The numbers start looking too weird when 6 objects are detected. In the next loop, the same classifiers are used and the same photo is provided: Detected 2 objects: <24, 2.43913334608078><24, 1.185618620365858> Detected 2 objects: <30, 2.773367229383439><30, 3.469111846294254> Detected 2 objects: <20, 5.58269025105983><20, 2.206179869361222> Detected 2 objects: <20, 3.3494670931249857><20, 2.7936345124908257> Detected 6 objects: <200, 3.349467093125006><1061917808, 9.646442850553718E227><1061865397, 2.513047756722869E180><2006328496, 0.0><288676318, 0.0><7798895, 0.0> Detected 10 objects: <2006328496, 0.0><565772320, 0.0><567079696, 1.5597531407224497E-4><288676300, 0.0><748617808, 0.0><3915040, 0.0><2006328496, 0.0><6553710, 0.0><3145776, 0.0><7274588, 0.0> Detected 1 objects: <2006328496, 0.0> Detected 1 objects: <2006328496, 0.0>

All values remain the same in the results of the first 4 classifiers but start to change too much in the next.

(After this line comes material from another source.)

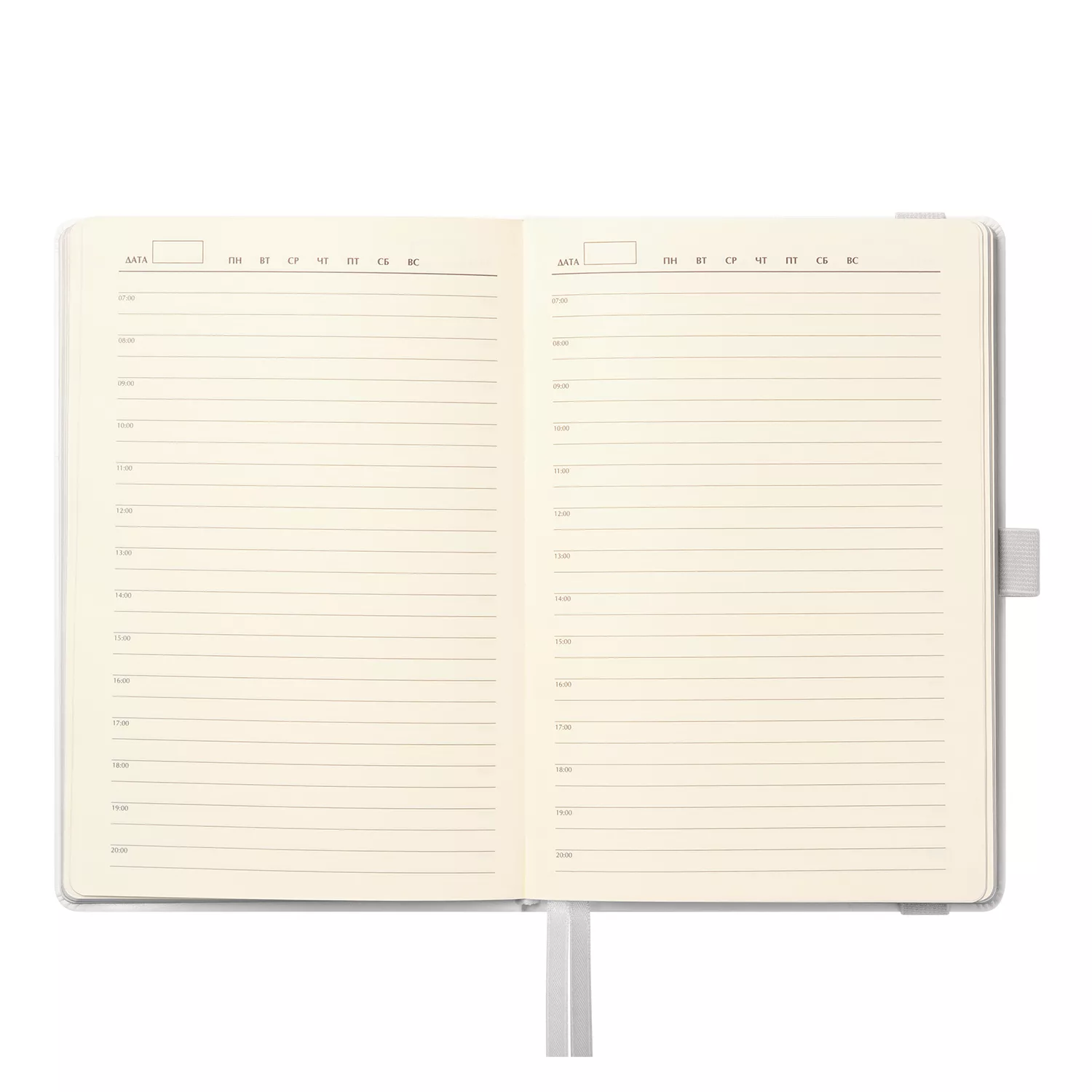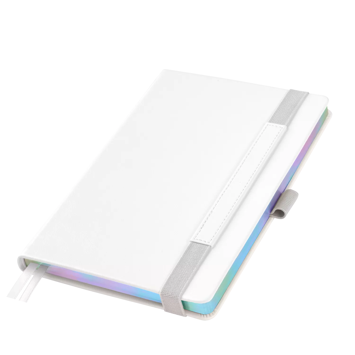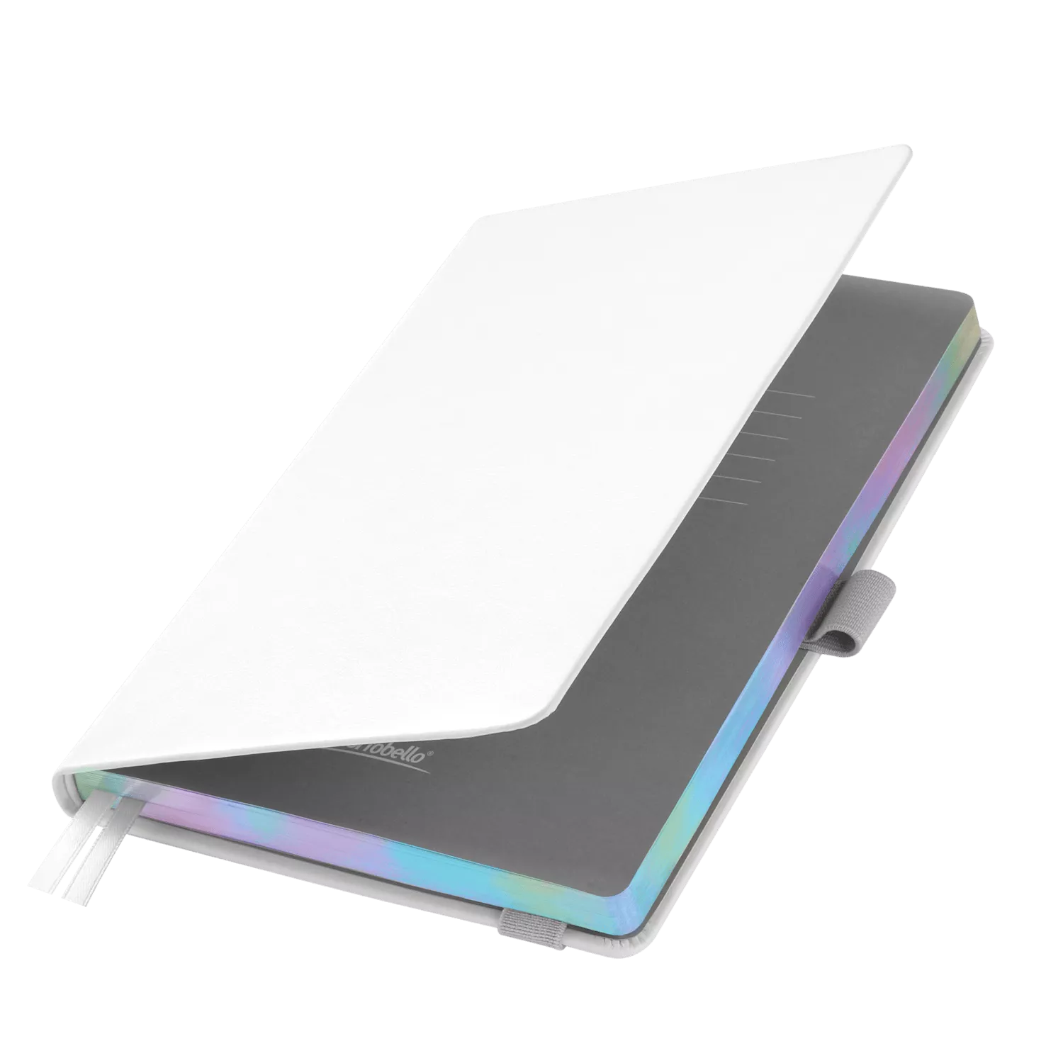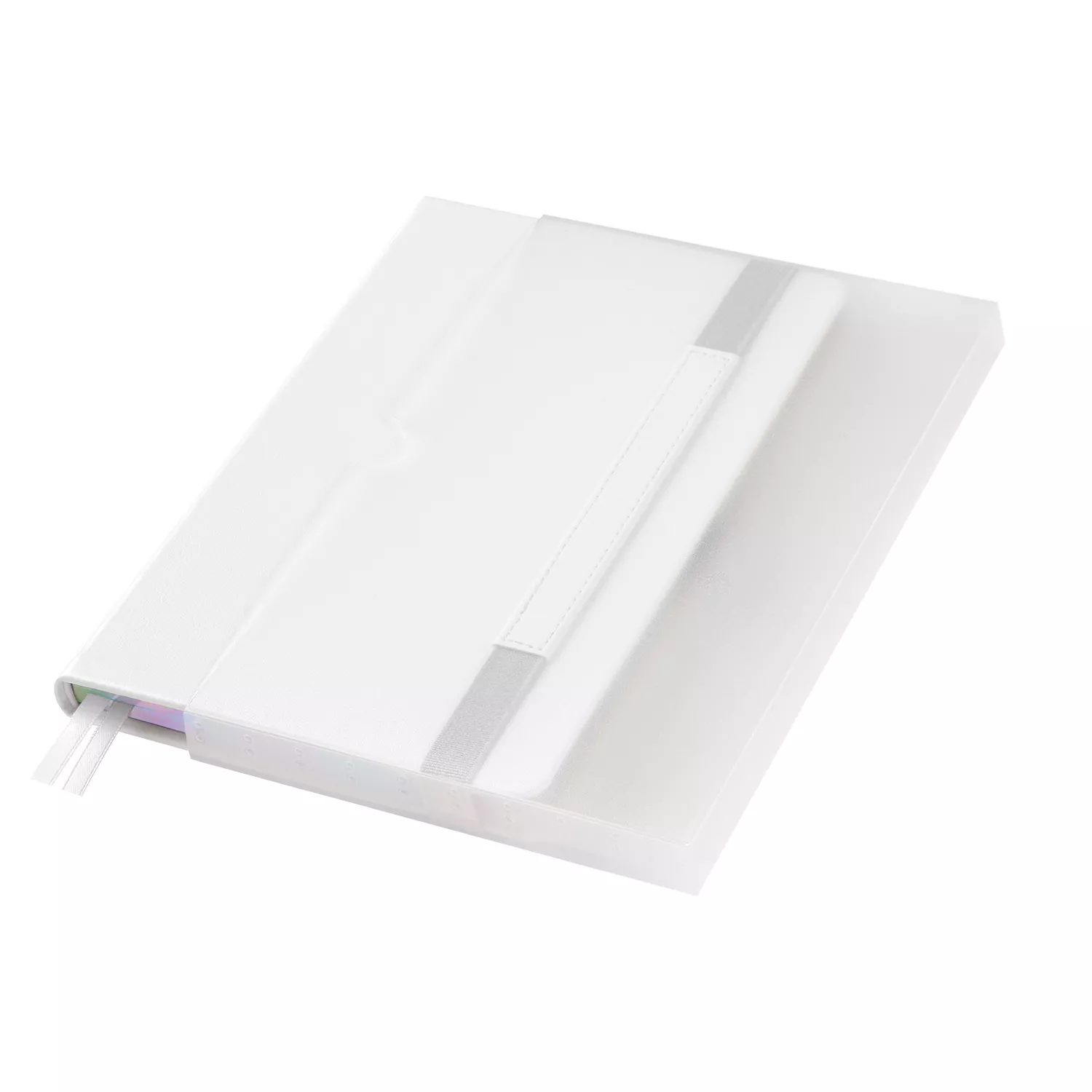 Недатированный ежедневник в жесткой обложке из качественной искусственной кожи. Материал обложки гладкий, текстурированный, с полуглянцевым блеском. Скругленные углы обложки и внутреннего блока. Отличительная особенность коллекции — голографический фольгированный срез блока. Форзац/нахзац– серые. Вариант в жесткой обложке украшен широкой вертикальной резинкой-фиксатором с вставкой из ПУ-материала обложки и петелькой под ручку, а также двойным ляссе (серым и в тон обложки).

This behavior remains in the rest of the iterations.

saudet commented 6 years ago

Only the weights and rejections look weird? Not the ROIs? Does it help if you initialize them with IntPointer(null) and DoublePointer(null) instead?

csolorio commented 6 years ago

The ROIs are all consistent, it's just the rejection and weight values that start to diverge too much.

Supplying null to the Int/DoublePointer constructor doesn't compile for me... But providing no parameters seems to have worked so far. Doing the same with Int/DoubleBuffer didn't work. The values remain mostly consistent. Those that change vary but within an acceptable small range... And hasn't crashed so far. Seems like this is the magic combination!

Edt: I just did 300 iterations with no crash! Seems like it's fixed!

saudet commented 6 years ago

I mean IntPointer((Pointer)null) and DoublePointer((Pointer)null)?

csolorio commented 6 years ago

Just tested it. Works so far too. Thanks!

saudet commented 6 years ago

Ok, thanks! So it could be a bug in either JavaCPP or OpenCV... In any case, we have a workaround for now.

saudet commented 6 years ago

I've just released version 1.4, which is based on OpenCV 3.4.0. Could you check if this issue still happens? Thanks for the feedback!